Chad Tracy, 3B ARI:….232 ABs, 4 HRs, .284/.337/.427
Arizona has started more rookies than they would probablly like to admit, but at least two of them have real potential to turn into excellent ballplayers. Tracy, once ridiculously blocked by Shea "it ain't so" Hillenbrand, now has a chance and he's hit pretty well. He'll only get better and should be a very good third baseman for the D-Backs rebuilding project.
Scott Hairston, 2B ARI:….148 ABs, 4 HRs, .277/.323/.486
What is it with the Diamondbacks and blocking good young prospects? Tracy might have got his chance, but Hairston is still ridiculously blocked by Roberto Alomar. I would have thought Hairston was still a little ways away from being ready for the majors, but he's hit well in his limited time filling in for the injured Alomar. Now that Alomar is back, the D-Backs claim to be committed to playing Hairston, sparking the always pleasant Alomar to demand a trade. Don't worry Robbie, I'm sure that's exactly what they have in mind for you. Hairston likely will outhit Alomar, yet their new manager has been playing Alomar.
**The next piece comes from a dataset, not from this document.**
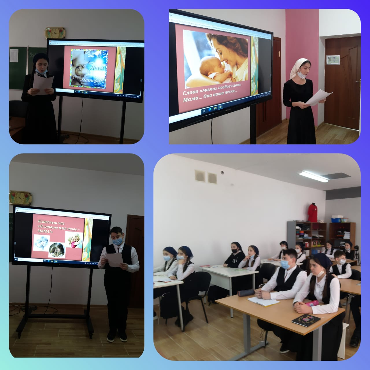 25.11.2020г. учительница начальных классов Хизриева И.С. провела классный час в 7 А классе на тему: "Я славлю имя твое - МАМА!".

This is just dumb, the only reason I can conjure up is that they are showcasing Alomar for a trade. In that case I can save you the effort, every GM already knows what Robbie Alomar has left, and its somewhere in between nothing and not much.
Chase Utley, 2B PHI:….125 ABs, 6 HRs, .256/.290/.472
If I keep repeating it, does it make it more likely that someone will listen? I just don’t understand why teams call up their top prospects, start their arbitration clock ticking, only to watch them rot on the bench. Chase Utley is probablly the Phillies second best prospect (after SP Cole Hamels). After making the jump from A to AAA in 2002, Utley tore up AAA in 2003. Most people thought he was ready, but it wasn’t until Placido Polanco went down with an injury that Chase got his chance. He hit well and it makes you wonder if Larry Bowa isn't just a hot-headed version of Dusty Baker. Let's be realistic, Polanco is really just a suped-up utility player and Bowa would have one of the better benches in baseball with Polanco instead of Doug Glanville or Tomas Perez sucking up outs.
Jason Bay, OF PIT:….136 ABs, 10 HRs, 2 SBs, .301/.374/.618
Jason Bay can hit. Let's just get that out of the way. The kid has hit everywhere he's gone, and his first tour of the majors has been no exception. His 10 HRs is the equivalent of roughly 40-45 over a full season. If he can get enough at-bats to qualify, he has a chance to beat the rookie slugging record of .630 set in 1930 by the immortal but 30 year old George Watkins. The big thing for Bay will be to stay healthy, which he has had trouble over his brief pro career, and again is experiencing pain in the shoulder he had offseason surgery on. Bay was acquired by Pittsburgh with second year pitcher Oliver Perez for Brian Giles in 2003, the success of Bay and Perez is making the trade look better and better for the Pirates.
Chad Cordero, RP MON:….37 G, 44 IP, 39/27 K/BB, 3.07 ERA, 1.43 WHIP
Ryan Wagner, RP CIN:....19 G, 16.6 IP, 10/11 K/BB, 5.94 ERA, 2.22 WHIP
I grouped these two together because they were part of the same experiment. Both were first round picks in 2003, and during the pre-season, a lot of people were talking about how the "success" of these two would instigate a new "Moneyball" type strategy: drafting college closers. The idea was that college fireballers like Cordero and Wagner would be ready for the bigs after only a short season at AA, and therefore more valuable on draft day. It looks like it might be a 50/50 shot, so maybe this idea won't catch on as some people suggested.